DATA TO EXAMINE »
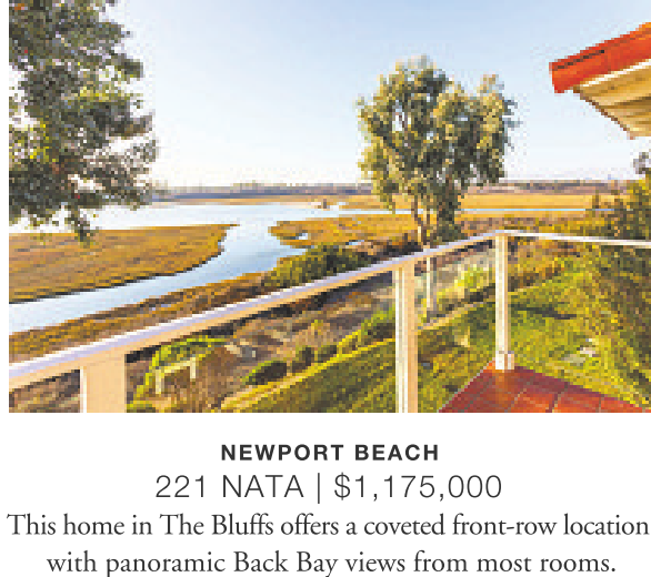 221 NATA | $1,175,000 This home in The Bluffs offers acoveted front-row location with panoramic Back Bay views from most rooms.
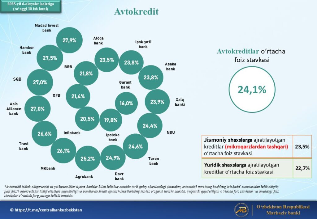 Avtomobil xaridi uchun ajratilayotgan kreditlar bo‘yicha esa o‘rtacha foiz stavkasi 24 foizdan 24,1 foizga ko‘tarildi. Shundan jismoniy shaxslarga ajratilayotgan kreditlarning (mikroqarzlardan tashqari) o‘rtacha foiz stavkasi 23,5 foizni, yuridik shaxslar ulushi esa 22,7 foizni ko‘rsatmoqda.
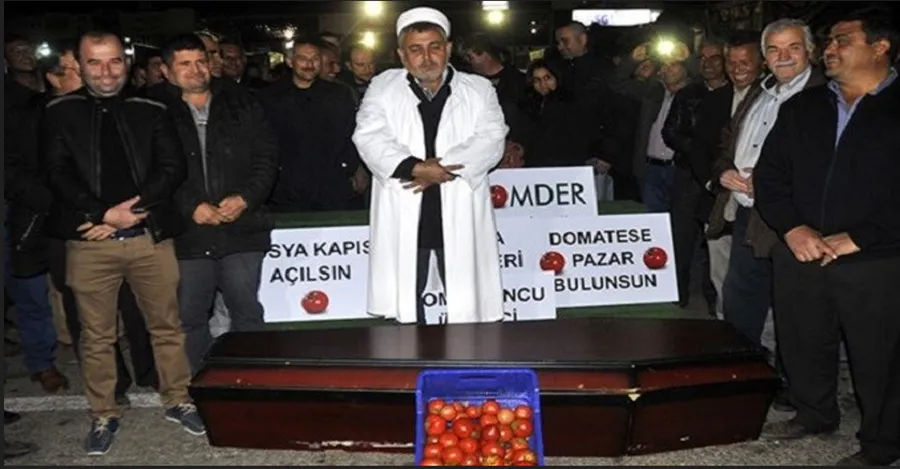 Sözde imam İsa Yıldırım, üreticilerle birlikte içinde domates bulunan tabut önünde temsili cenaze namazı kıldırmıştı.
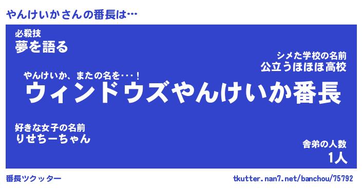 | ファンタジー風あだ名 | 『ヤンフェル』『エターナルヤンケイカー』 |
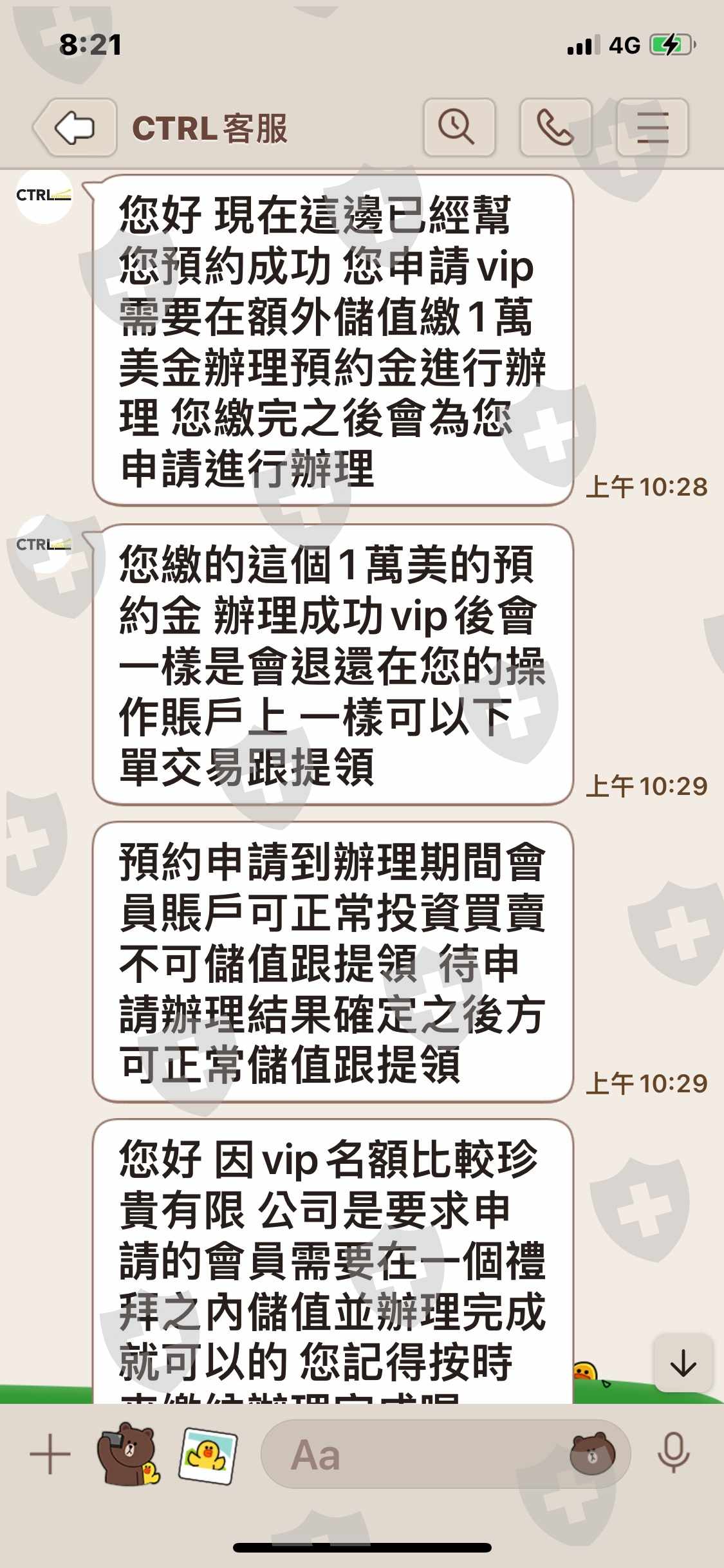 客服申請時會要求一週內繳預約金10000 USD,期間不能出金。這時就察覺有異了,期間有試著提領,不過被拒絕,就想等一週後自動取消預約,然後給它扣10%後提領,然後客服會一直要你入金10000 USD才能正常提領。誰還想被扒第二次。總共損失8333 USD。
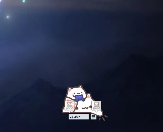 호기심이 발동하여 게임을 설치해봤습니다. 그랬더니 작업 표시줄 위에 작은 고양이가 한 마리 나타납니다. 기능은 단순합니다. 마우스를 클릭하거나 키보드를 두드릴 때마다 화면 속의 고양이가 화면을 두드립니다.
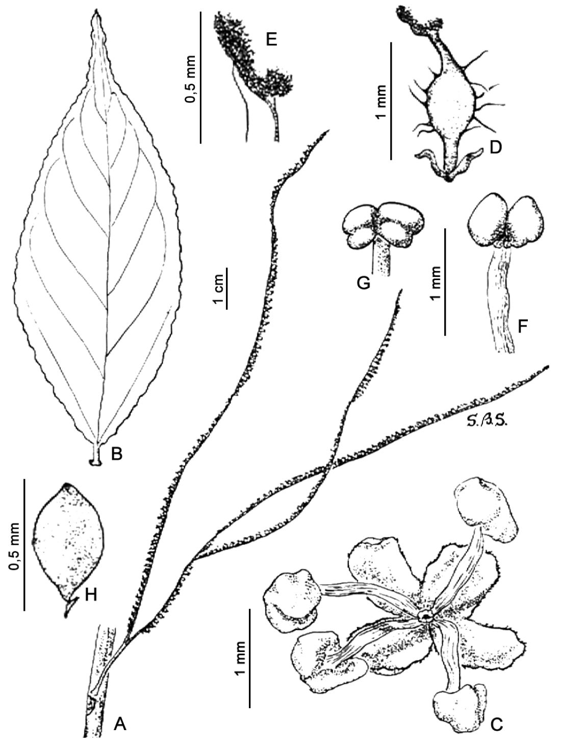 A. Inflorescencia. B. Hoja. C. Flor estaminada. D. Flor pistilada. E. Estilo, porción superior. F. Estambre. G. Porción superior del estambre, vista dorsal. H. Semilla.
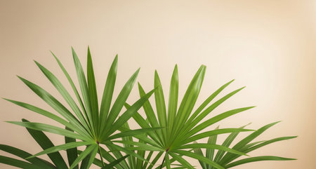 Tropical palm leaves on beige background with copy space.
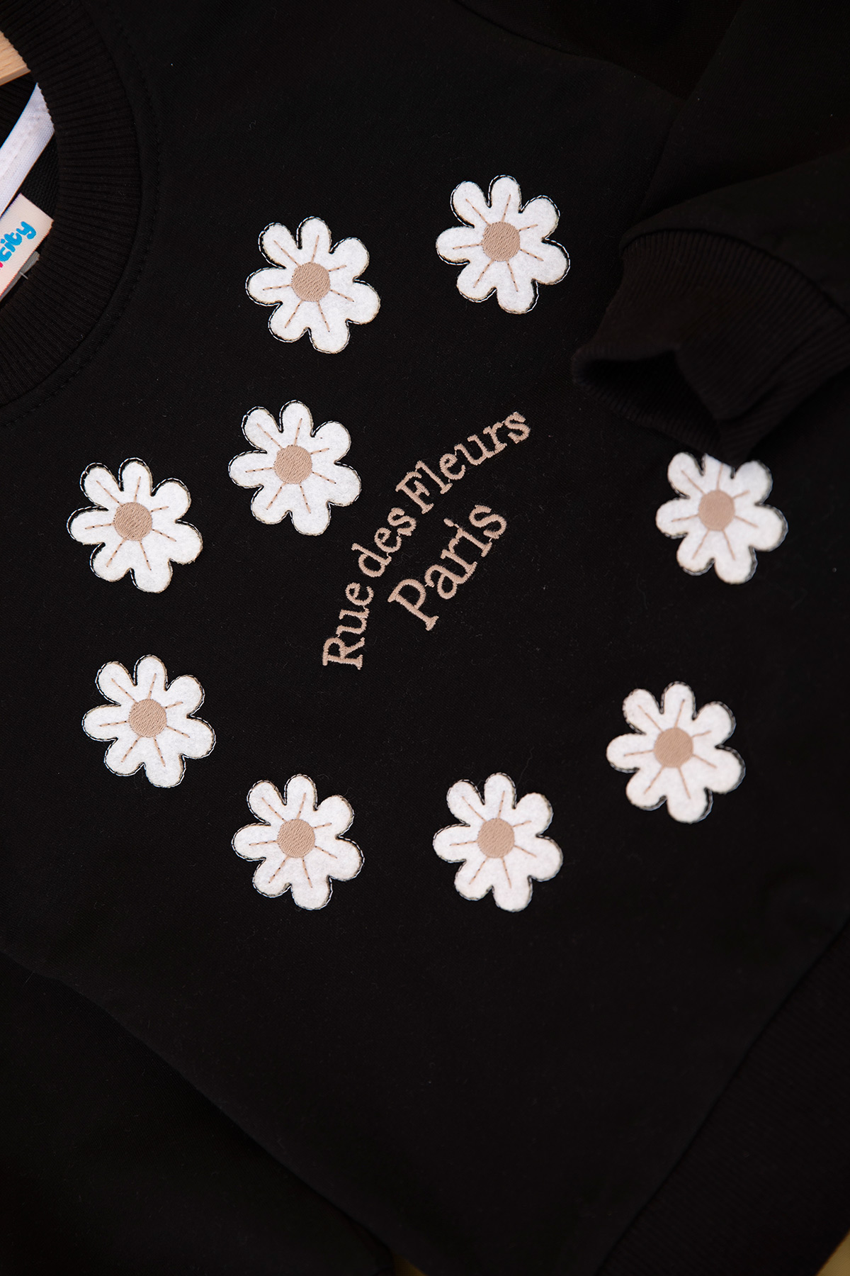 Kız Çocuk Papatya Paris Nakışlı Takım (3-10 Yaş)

TASK GOAL » Exclude every picture and restate the listing word for word.

RESULT OF THE TASK »
 221 NATA | $1,175,000 This home in The Bluffs offers acoveted front-row location with panoramic Back Bay views from most rooms.
 Avtomobil xaridi uchun ajratilayotgan kreditlar bo‘yicha esa o‘rtacha foiz stavkasi 24 foizdan 24,1 foizga ko‘tarildi. Shundan jismoniy shaxslarga ajratilayotgan kreditlarning (mikroqarzlardan tashqari) o‘rtacha foiz stavkasi 23,5 foizni, yuridik shaxslar ulushi esa 22,7 foizni ko‘rsatmoqda.
 Sözde imam İsa Yıldırım, üreticilerle birlikte içinde domates bulunan tabut önünde temsili cenaze namazı kıldırmıştı.
 | ファンタジー風あだ名 | 『ヤンフェル』『エターナルヤンケイカー』 |
 客服申請時會要求一週內繳預約金10000 USD,期間不能出金。這時就察覺有異了,期間有試著提領,不過被拒絕,就想等一週後自動取消預約,然後給它扣10%後提領,然後客服會一直要你入金10000 USD才能正常提領。誰還想被扒第二次。總共損失8333 USD。
 호기심이 발동하여 게임을 설치해봤습니다. 그랬더니 작업 표시줄 위에 작은 고양이가 한 마리 나타납니다. 기능은 단순합니다. 마우스를 클릭하거나 키보드를 두드릴 때마다 화면 속의 고양이가 화면을 두드립니다.
 A. Inflorescencia. B. Hoja. C. Flor estaminada. D. Flor pistilada. E. Estilo, porción superior. F. Estambre. G. Porción superior del estambre, vista dorsal. H. Semilla.
 Tropical palm leaves on beige background with copy space.
 Kız Çocuk Papatya Paris Nakışlı Takım (3-10 Yaş)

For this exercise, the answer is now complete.